▶ _Problem details_:
Could you copy exactly the lines from the one containing "連衣裙女春 歐洲站2016新款女裝收腰中長(zhǎng)款A(yù)字裙子七分袖時(shí)尚氣質(zhì) /" through the last line of the records, leaving out every picture?

* * * *

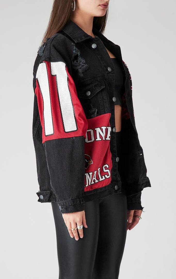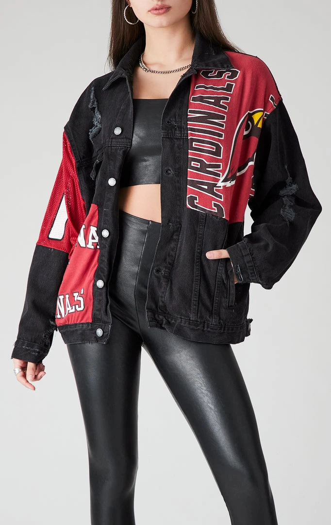 You need this Furst of a Kind reworked denim jacket. Hand sourced, sewn & spliced, thisĀ vintageĀ Arizona CardinalsĀ patchworkĀ denim jacket is the epitome of cool. Featuring assorted vintage graphic inserts throughout.
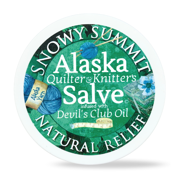 Our Quilter & Knitter's Salve is specifically formulated to absorb quickly and easily to relieve tired and sore hands, muscles, and joints while softening the skin at the same time. Massage this healing salve into dry cracked skin and achy joints and muscles to help reduce pain and inflammation. Enjoy the sweet uplifting scent and the moisturizing skin-soothing benefits of our Quilter & Knitter's salve that has been infused with oil from the Devil's Club plant. This salve is packed with healing & moisturizing benefits! 2 oz jar
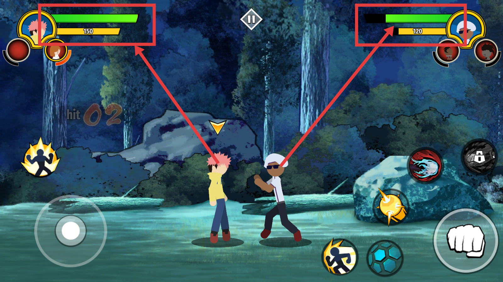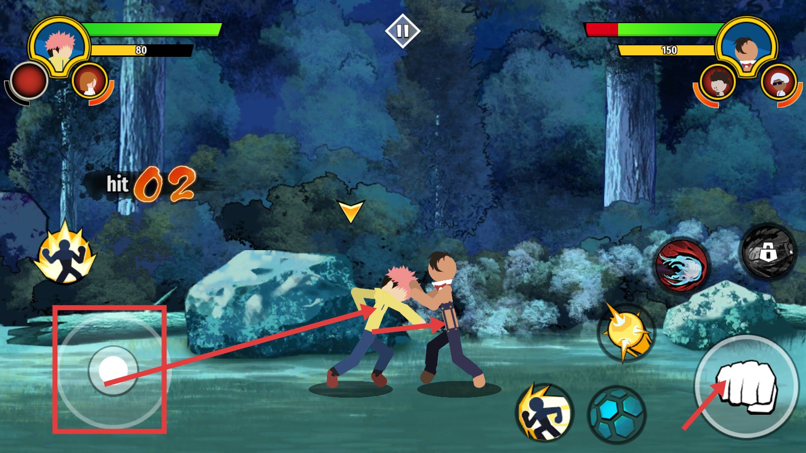2、战斗中左侧虚拟摇杆移动角色,右侧【拳头】按钮攻击,连招可触发【hit-02】连击效果,提升伤害输出。
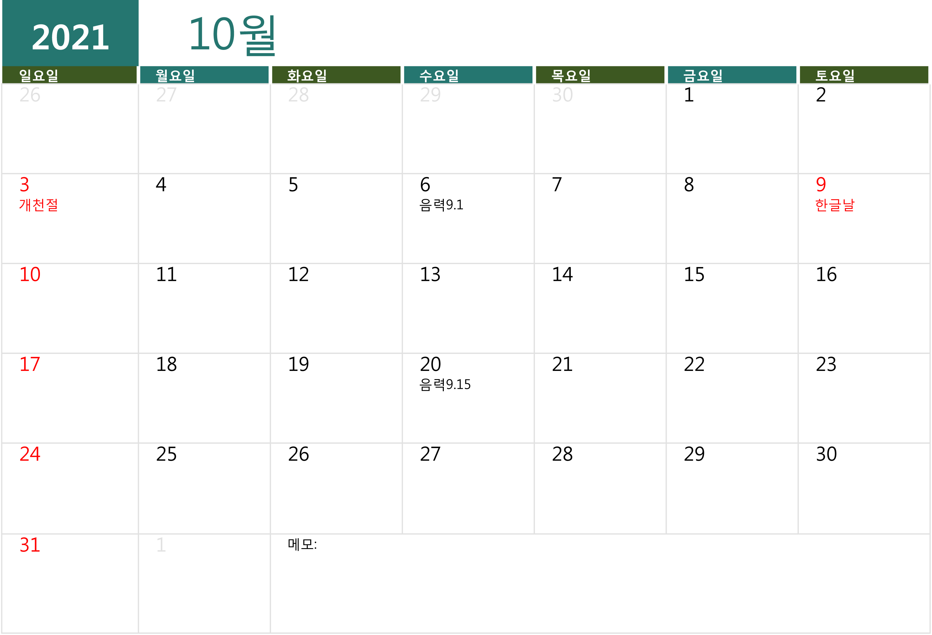10월은 9일 한글날이 토요일에 있고요. 3일 개천절이 일요일로 되어 있습니다. 공휴일이 이틀이지만 모두 토요일과 일요일, 주말로 잡혀있는 날이네요.
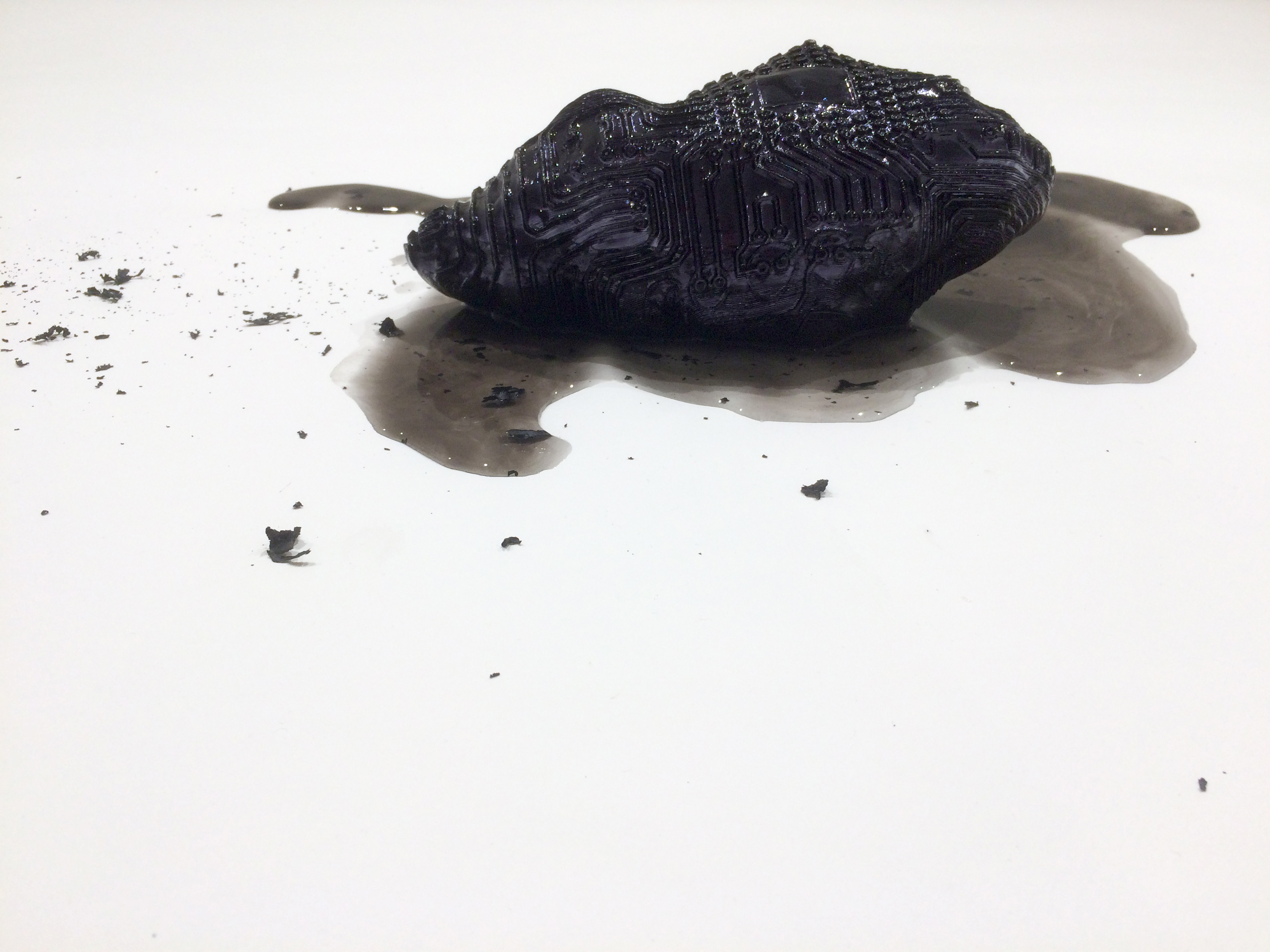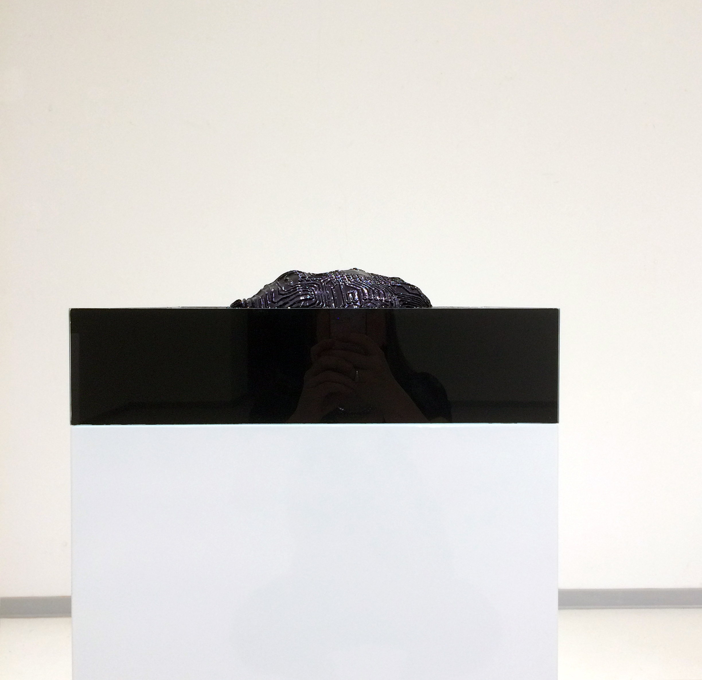 The surface is covered with memory circuits which I understand as a symbol of the human world. It is like ‘’branding an animal to show the ownership.’’
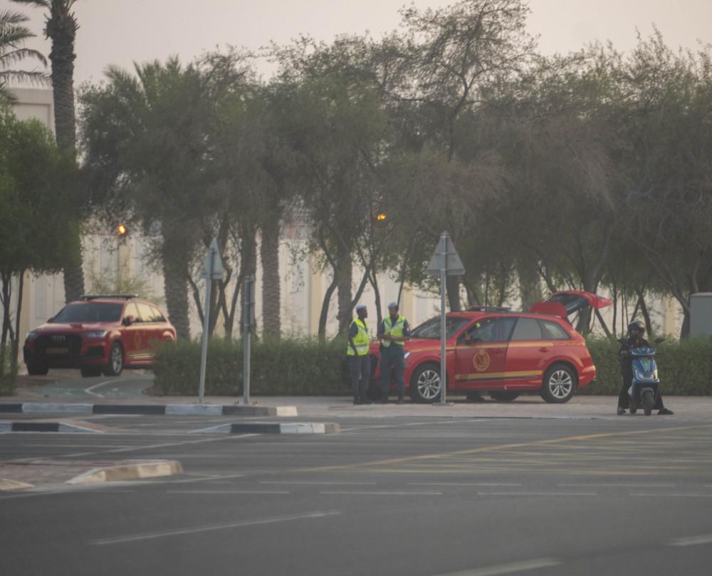 9月9日,在卡塔尔首都多哈,安全人员在事发现场附近执勤。新华社发(尼库摄)
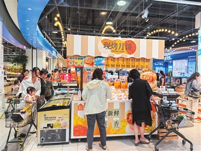 与丹香的“接地气”不同,连锁商超盒马则将月饼的“新奇感”拉满,推出多款突破想象的跨界口味,吸引消费者“打卡尝鲜”。在盒马青岛金狮广场店,记者看到“榴莲冰皮月饼”“贵州酸汤牛肉月饼”“芝士鲜肉月饼”等新品被陈列在独立展台。此外,盒马还针对健康需求推出“低糖流心奶黄月饼”“低糖豆沙月饼”,满足老年人与控糖人群的消费需求。
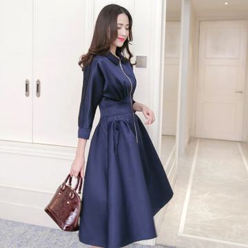 連衣裙女春 歐洲站2016新款女裝收腰中長(zhǎng)款A(yù)字裙子七分袖時(shí)尚氣質(zhì) /
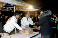 충북대 윤여표 총장과 이희숙 학생처장, 학생회장 등이 7일 저녁 7시부터 충북대 중앙도서관 앞에서 기말고사를 준비하는 학생들을 응원하기 위해 ‘열공야식’을 제공했다.이날 이 학교는 미리 마련한 김밥과 국을 1000여명의 학생들에게 직접 나눠주며 기말고사를 준비하는 학생
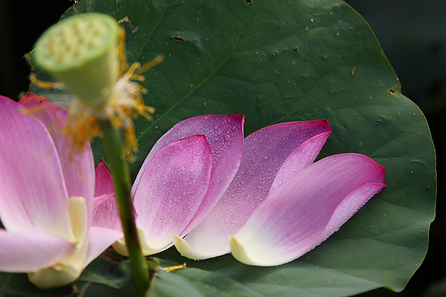 這張拍攝精心佈置過的荷瓣,攝影是減法也是加法,我在課堂上也鼓勵學員各種創作的嘗試,不要拘泥受限於攝影一定就是要怎樣才是王道,自然固美,人為亦好。花瓣上若要加上水珠,建議不要用噴水器,因為水珠大小與分佈太均勻,建議用手指沾水後揮灑,水珠會有大有小,分佈亦可較自然。(熾賢作品)

* * * *

▶ _Exercise response_:
 連衣裙女春 歐洲站2016新款女裝收腰中長(zhǎng)款A(yù)字裙子七分袖時(shí)尚氣質(zhì) /
 충북대 윤여표 총장과 이희숙 학생처장, 학생회장 등이 7일 저녁 7시부터 충북대 중앙도서관 앞에서 기말고사를 준비하는 학생들을 응원하기 위해 ‘열공야식’을 제공했다.이날 이 학교는 미리 마련한 김밥과 국을 1000여명의 학생들에게 직접 나눠주며 기말고사를 준비하는 학생
 這張拍攝精心佈置過的荷瓣,攝影是減法也是加法,我在課堂上也鼓勵學員各種創作的嘗試,不要拘泥受限於攝影一定就是要怎樣才是王道,自然固美,人為亦好。花瓣上若要加上水珠,建議不要用噴水器,因為水珠大小與分佈太均勻,建議用手指沾水後揮灑,水珠會有大有小,分佈亦可較自然。(熾賢作品)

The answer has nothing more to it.